The rats were maintained in a light- and temperature-controlled room and handled according to UK Home Office regulations for the care and use of laboratory animals, the UK Animals (Scientific Procedures) Act of 1986, and the ARVO Statement for the Use of Animals in Ophthalmic and Vision Research. 
Results
The data is based on 28 rats. Of these, 21 were prepared by electron microscopy fixation and resin embedding. These consisted of seven normal rats (group 1), seven rats with raised IOP alone (group 2), and seven rats that had OEC transplants 4 weeks before raising the IOP (group 3). A further seven rats that had OEC transplants 4 weeks before raising the IOP (group 4) were prepared for cryostat immunohistochemistry. 
Raised Intraocular Pressure
The mean (normotensive) IOP in group 1 was 24.0 ± 0.4 mmHg (SEM, n = 7). In groups 2, 3 and 4, the IOP was measured on the day before injection of microspheres and monitored at day 1 and at weeks 1, 2, 3, and 4. After an initial rise to greater than 40 mmHg over the first 7 days, the IOP fell (Fig. 2). The mean of the five postoperative IOP measurements over the 4 weeks after injection, for each rat, was used to represent the cumulative effect of the IOP rise. 23  
Figure 2. 
 
Intraocular pressures. The time course of the rise and fall in mean IOPs (± SEM) in group 2 (raised IOP alone, triangles, n = 7), group 3 (IOP with OECs used for counting axons, squares, n = 7), and group 4 (IOP with OECs used for confocal study, circles, n = 7). Day 0, IOP measured the day before injection of microspheres.
Figure 2. 
 
Intraocular pressures. The time course of the rise and fall in mean IOPs (± SEM) in group 2 (raised IOP alone, triangles, n = 7), group 3 (IOP with OECs used for counting axons, squares, n = 7), and group 4 (IOP with OECs used for confocal study, circles, n = 7). Day 0, IOP measured the day before injection of microspheres.
The mean postoperative IOPs were 37.3 ± 1.9 (SEM) in the seven rats in group 2 (raised IOP only), 33.7 ± 2.0 (SEM), in the seven rats in group 3 (raised IOP and transplanted OECs used for optic nerve axon counts), and 35.2 ± 2.0 in the seven rats in group 4 (raised IOP and transplanted OECs used for histologic analysis). All three postoperative mean IOPs in groups 2, 3, and 4 were significantly higher (P < 0.001) than the preoperative means and the mean IOP in the controls (group 1).

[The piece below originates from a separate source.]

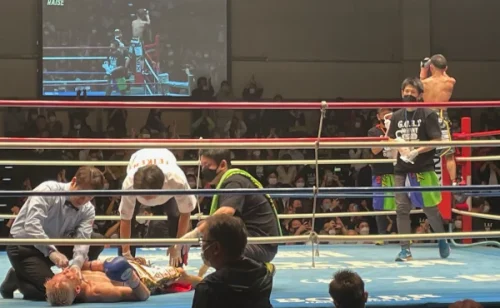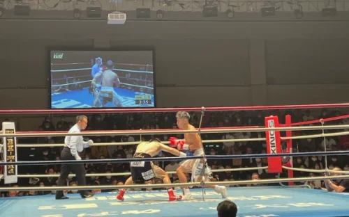 会場内がドミンゴ選手のパワーにざわつく中、2Rにドミンゴ選手の左からの右で飯村選手まさかのダウン。
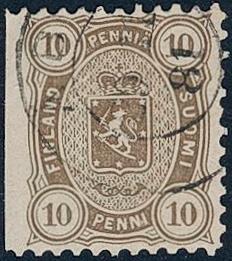 Finland, Facit 15Sv7 or Scott 20 or Norma 20S used, 1882 Coat of Arms m/75, Senate printing 10 p yellowish olive-brown, one side imperf. F 4000 (Image1)

Compared with group 2, there were indications of slightly greater reductions in the IOP rise in groups 3 and 4, although, with the current sample size, this was not significant (P = 0.45 and 0.81, respectively). 
Counts of Axons in the Optic Nerve
Axons were counted in the semi-thin resin cross-sections of the OpNs of group 1 (normal eyes), group 2 (raised IOP only), and group 3 (transplanted OECs before raising the IOP). For each rat the total number of axons was counted in 24 × 160 μm2 sampled squares. The cross-sectional areas of the individual OpNs were measured as in the Material and Methods section, and used to calculate the total numbers of RGC axons in each OpN. 

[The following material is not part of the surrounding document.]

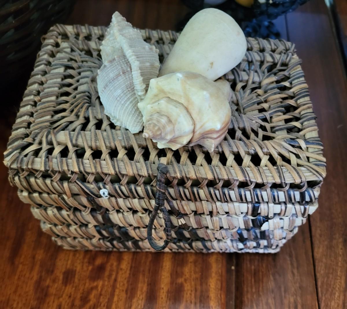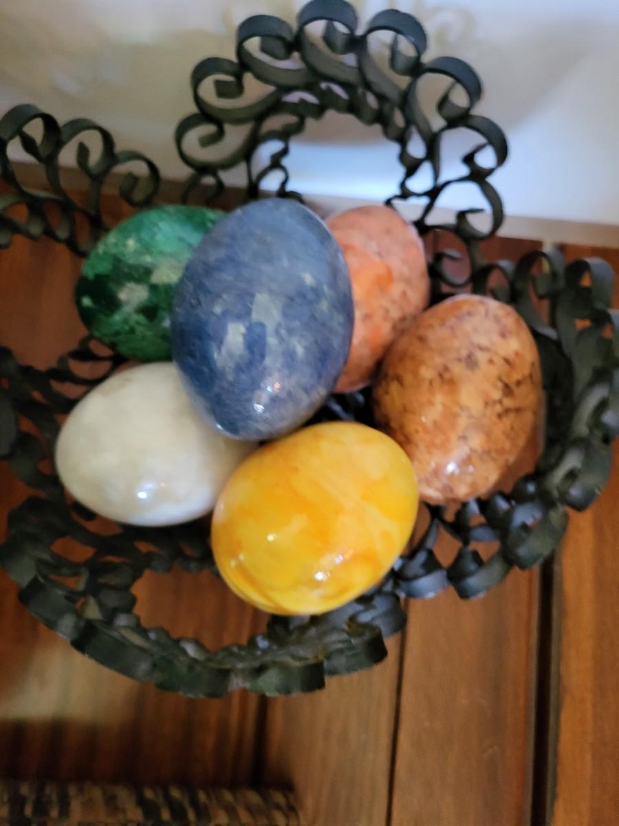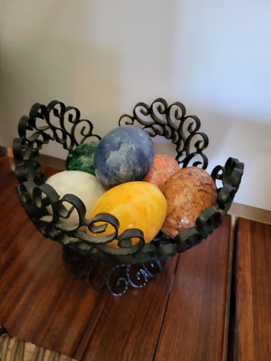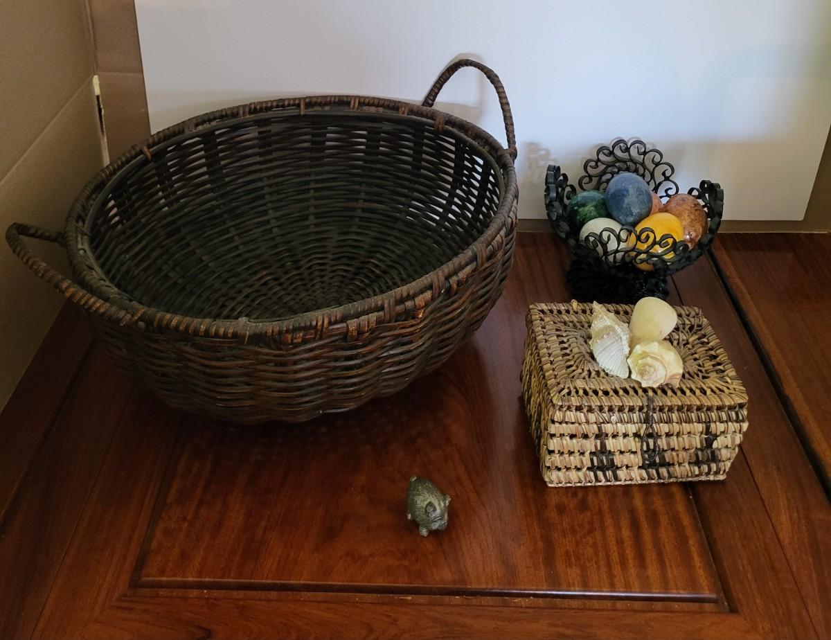METAL BASKET W/MARBLE EGGS, HAND WOVEN BASKET, PEWTER PIG AND WEAVED BOX

The mean total numbers of axons in the OpNs were 76,923 ± 1,779 (SEM, n = 7) in the normotensive eyes (group 1); 15,142 ± 3,662 (SEM, n = 7), a mean loss of 80.3%, in the rats with raised IOP and no OECs (group 2); and 37,696 ± 5,383 (SEM, n = 7), a mean loss of 51.0% in the rats with raised IOP and transplanted OECs (group 3). The differences in numbers of axons between group 1 and both groups 2 and 3 were significant at P < 0.001. The difference between groups 2 and 3 was significant at P < 0.01 (Fig. 3A). 
Figure 3. 
 
Comparison of mean axon counts. (A) In the OpN. (B) In the area of spared ONH radial astrocytes in group 1 (normal), group 2 (raised IOP only) and group 3 (raised IOP with OECs). ***P < 0.001; **P < 0.01.
Figure 3. 
 
Comparison of mean axon counts. (A) In the OpN. (B) In the area of spared ONH radial astrocytes in group 1 (normal), group 2 (raised IOP only) and group 3 (raised IOP with OECs). ***P < 0.001; **P < 0.01.

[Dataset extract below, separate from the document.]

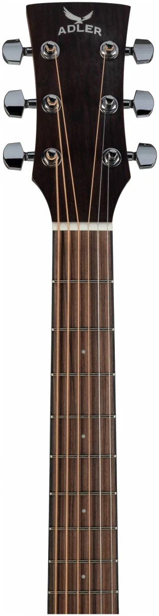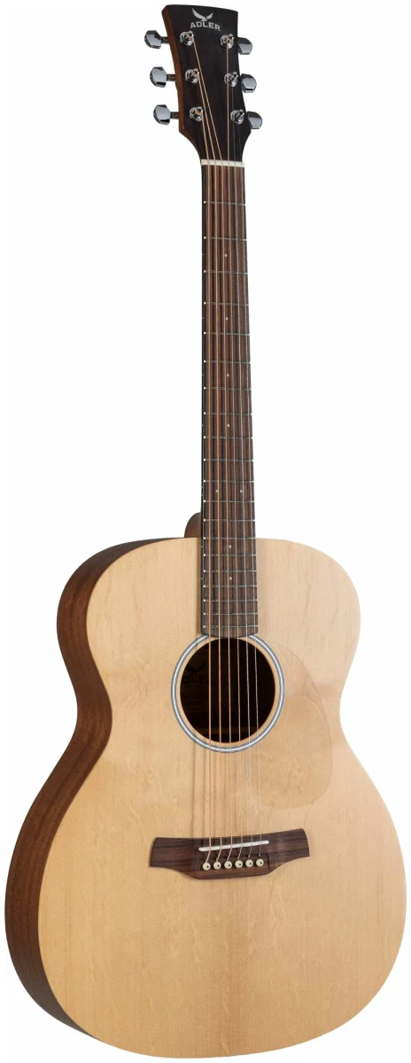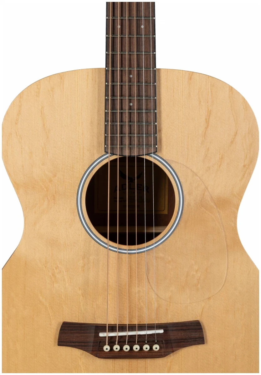 Серия 10 — это базовая линейка от ADLER с массивной верхней декой из ситхинской ели и корпусом из красного дерева. Минималистичный дизайн без лишних деталей: прозрачный пикгард, хромированные литые колки, простая минималистичная розетка, отделка оpen pore.

Extent of Damage to the Radial Astrocytes of the ONH
In semi-thin resin cross-sections, the entire area of the normal rat ONH (Fig. 4A) was occupied by densely methylene blue-stained astrocytes, arranged in a fan-like radial array, firmly attached ventrally to the sheath of the ONH by thick basal processes, but divided dorsally into progressively more slender processes with only delicate attachments to the sheath. In the eyes with the raised IOP, the fine dorsal processes of the ONH astrocytes were torn away in a crescentic area underlying the surrounding dorsal sheath. Figure 4B illustrates the damage with raised pressure in the presence of transplanted OECs, and Figure 4C is an example of the more severe damage with raised pressure in the absence of OECs. 
Figure 4. 
 
Cross-sections. (A-C) ONH. (D,E) Longitudinal migration of OECs. (F) High power of ensheathment of axons by OECs. A,B,C, semi-thin cross sections of ONH: A, normal; B, with raised IOP and transplanted OECs; C, raised IOP (without OECs). In B,C, the spared radial glial structure (asterisks) of the ONH is outlined by dark red lines. The pattern of damage in B shows the typical retraction from the dorsal periphery, which, in C, comes to involve almost the entire cross-sectional area. The numbers of blood vessels (arrows in A) are 17 in A, 28 in B, and 51 in C. D,E, confocal images: Migrating OECs (green fluorescence, GFP) in the ONH (white arrow). Red, axons (neurofilament immunostaining). A small number of OECs (white arrow head) remain in the retina (RET); v, central retinal vessels; ONH, optic nerve head; OpN, optic nerve. E, high power of ONH to show elongation of OECs and ensheathment of RGC axons (white arrows). F, high power micrograph showing signet-ring ensheathment by transplanted OECs (red arrows). A,B,C,F, stained methylene blue and Azur II. Scale bars, A,B,C,D, 100μm; E, 20μm; F, 5μm.
Figure 4.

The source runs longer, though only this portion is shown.